First, we will focus on the integral inside: $$\int_{\ln y}^{\ln 2 y} e^{x+y^{2}-z} d x$$ The function is separable w.r.t. \(x\), so we can integrate it directly: $$\int_{\ln y}^{\ln 2 y} e^{x+y^{2}-z} dx = [\frac{1}{1}* e^{1*(x+y^{2}-z)}]_{\ln y}^{\ln 2y} = e^{(\ln 2y+y^2-z)} - e^{(\ln y+y^2-z)}$$ Now, the integral has become: $$\int_{1}^{\ln 8} \int_{1}^{\sqrt{z}} (e^{(\ln 2y+y^2-z)} - e^{(\ln y+y^2-z)}) d y d z$$

Next, we will evaluate the middle integral: $$\int_{1}^{\sqrt{z}} (e^{(\ln 2y+y^2-z)} - e^{(\ln y+y^2-z)}) d y$$ For easier computation, let's split the integral into two and focus on the first part: $$\int_{1}^{\sqrt{z}} e^{(\ln 2y+y^2-z)} dy$$ To evaluate this integral, we perform substitution. Take \(u = \ln 2 y + y^2- z\), so \(du = (\frac{2}{2y} + 2y) dy\). Solving for \(y\) in \(u = \ln 2 y + y^2-z\), we get $$y = \frac{2}{2-\sqrt{4-4\left(-z+u\right)}}$$ Replacing \(y\) with the value above in the expression for \(du\), we find that \(du = \frac{4}{\sqrt{4-4\left(-z+u\right)}} dy.\) From this, we can write \(dy = \frac{\sqrt{4-4\left(-z+u\right)}}{4} du\) Now, the integral becomes: $$ \int e^{u} \frac{\sqrt{4-4\left(-z+u\right)}}{4} du = \frac{1}{4} \int e^{u} \sqrt{4-4\left(-z+u\right)} du$$ The limits of integration need to be updated based on the new variable \(u\).

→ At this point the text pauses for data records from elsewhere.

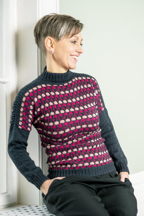 FR36 - Granny stripe sweater med rullekrave Opskrift
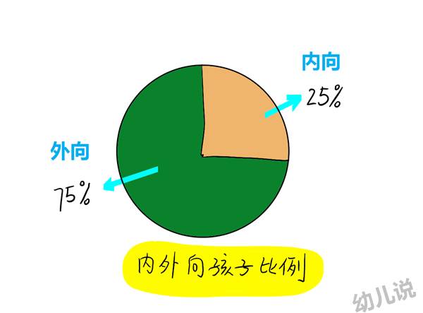 外向的孩子占75%,内向的孩子占25%,其中还有部分孩子有时表现出外向,有时表现出内向。
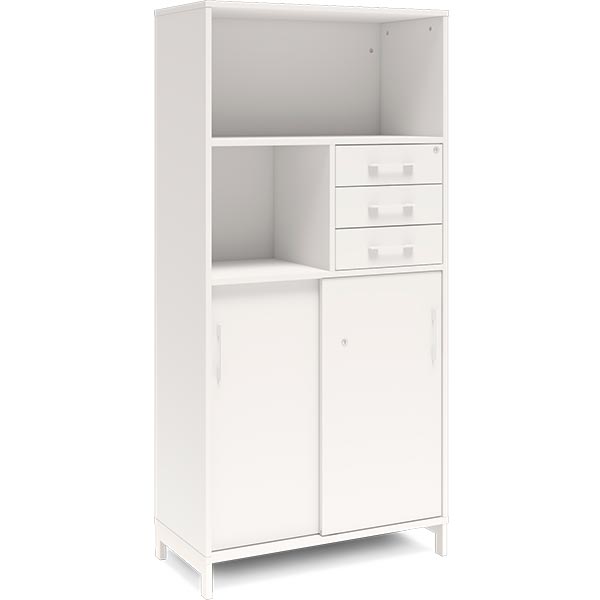 Kontorskab DNA, 800x1660 mm, Hvid/Hvid, skydedør og skuffemodul 4A4/2A4

When \(y = 1\), \(u = \ln2 +1^2 -z\). When \(y =\sqrt{z}\), \(u = \ln 2 \sqrt{z}+z -z = \ln 2\sqrt{z}\). Now, substitute back the value of \(u\): $$\frac{1}{4}[\int_{\ln2 +1^2 -z}^{\ln 2\sqrt{z}} e^{u} \sqrt{4-4\left(-z+u\right)} du]$$ Now, let's focus on the integral part: $$\int_{1}^{\sqrt{z}} e^{(\ln y+y^2-z)} dy$$ Similarly, let's take \(v = \ln y + y^2- z\), Thus \(dv = (\frac{1}{y} + 2y) dy\). We can solve for \(y\) in terms of \(v\) in a similar way as before. Also, we need to update the limits of integration accordingly. The final integral would be: $$\int e^{v} \frac{\sqrt{4-4\left(-z+v\right)}}{4} dv$$ $$\frac{1}{4}\int_{1^2 -z}^{z-\sqrt{z}} e^{(v)} \sqrt{4-4\left(-z+v\right)} d v$$ Now we have: $$\int_{1}^{\ln 8} \left[\frac{1}{4}\int_{\ln2 +1^2 -z}^{\ln 2\sqrt{z}} e^{(u)} \sqrt{4-4\left(-z+u\right)} d u - \frac{1}{4}\int_{1^2 -z}^{z-\sqrt{z}} e^{(v)} \sqrt{4-4\left(-z+v\right)} d v \right]d z$$

At this point, you could use numerical or approximation methods to find the value of the integrals w.r.t. \(u\) and \(v\), given that the integrals appear quite complicated and do not have a simple closed form. Once those values are determined, you can compute the final integral w.r.t. \(z\): $$\int_{1}^{\ln 8} \left[\frac{1}{4}\int_{\ln2 +1^2 -z}^{\ln 2\sqrt{z}} e^{(u)} \sqrt{4-4\left(-z+u\right)} d u - \frac{1}{4}\int_{1^2 -z}^{z-\sqrt{z}} e^{(v)} \sqrt{4-4\left(-z+v\right)} d v \right]d z$$ Perform the final integration, and you would get the value of the given triple integral.